■ **EXCERPTED RECORDS**
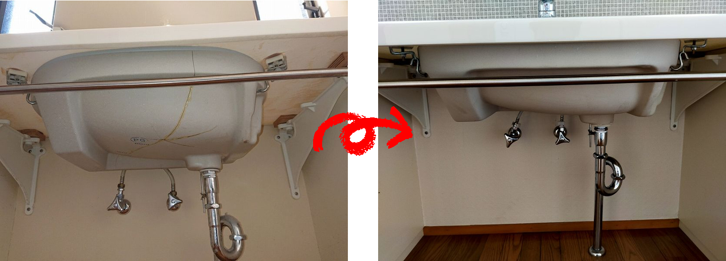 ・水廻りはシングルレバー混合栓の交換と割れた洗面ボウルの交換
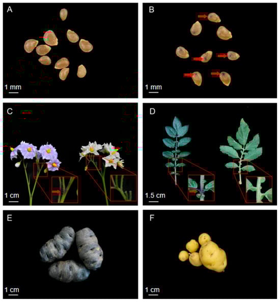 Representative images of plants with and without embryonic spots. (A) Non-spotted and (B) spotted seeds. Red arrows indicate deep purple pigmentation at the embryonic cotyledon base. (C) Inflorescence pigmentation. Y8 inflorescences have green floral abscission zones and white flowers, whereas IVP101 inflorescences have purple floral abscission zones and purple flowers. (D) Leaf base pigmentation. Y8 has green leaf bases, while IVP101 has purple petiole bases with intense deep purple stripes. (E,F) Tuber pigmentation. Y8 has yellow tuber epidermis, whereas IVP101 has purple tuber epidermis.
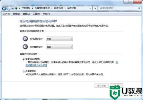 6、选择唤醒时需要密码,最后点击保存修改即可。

...

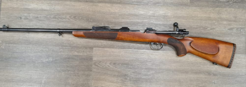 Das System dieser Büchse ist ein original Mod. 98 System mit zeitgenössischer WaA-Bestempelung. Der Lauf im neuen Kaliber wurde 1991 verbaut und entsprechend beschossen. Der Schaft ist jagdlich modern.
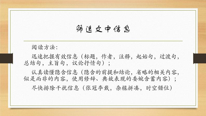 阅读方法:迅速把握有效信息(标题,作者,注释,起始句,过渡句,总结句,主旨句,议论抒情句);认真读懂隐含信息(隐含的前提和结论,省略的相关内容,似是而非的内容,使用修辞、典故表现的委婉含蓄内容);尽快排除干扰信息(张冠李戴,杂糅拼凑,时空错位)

■ **INSTRUCTIONS TO FOLLOW**
An exact copy is needed of the stretch above that opens with the line containing "Das System dieser" and closes with the line containing "阅读方法:迅速把握有效信息(标题,作者,注释,起始句,过"; the pictures are not part of it.

■ **OUTPUT OF THE EXERCISE**
 Das System dieser Büchse ist ein original Mod. 98 System mit zeitgenössischer WaA-Bestempelung. Der Lauf im neuen Kaliber wurde 1991 verbaut und entsprechend beschossen. Der Schaft ist jagdlich modern.
 阅读方法:迅速把握有效信息(标题,作者,注释,起始句,过渡句,总结句,主旨句,议论抒情句);认真读懂隐含信息(隐含的前提和结论,省略的相关内容,似是而非的内容,使用修辞、典故表现的委婉含蓄内容);尽快排除干扰信息(张冠李戴,杂糅拼凑,时空错位)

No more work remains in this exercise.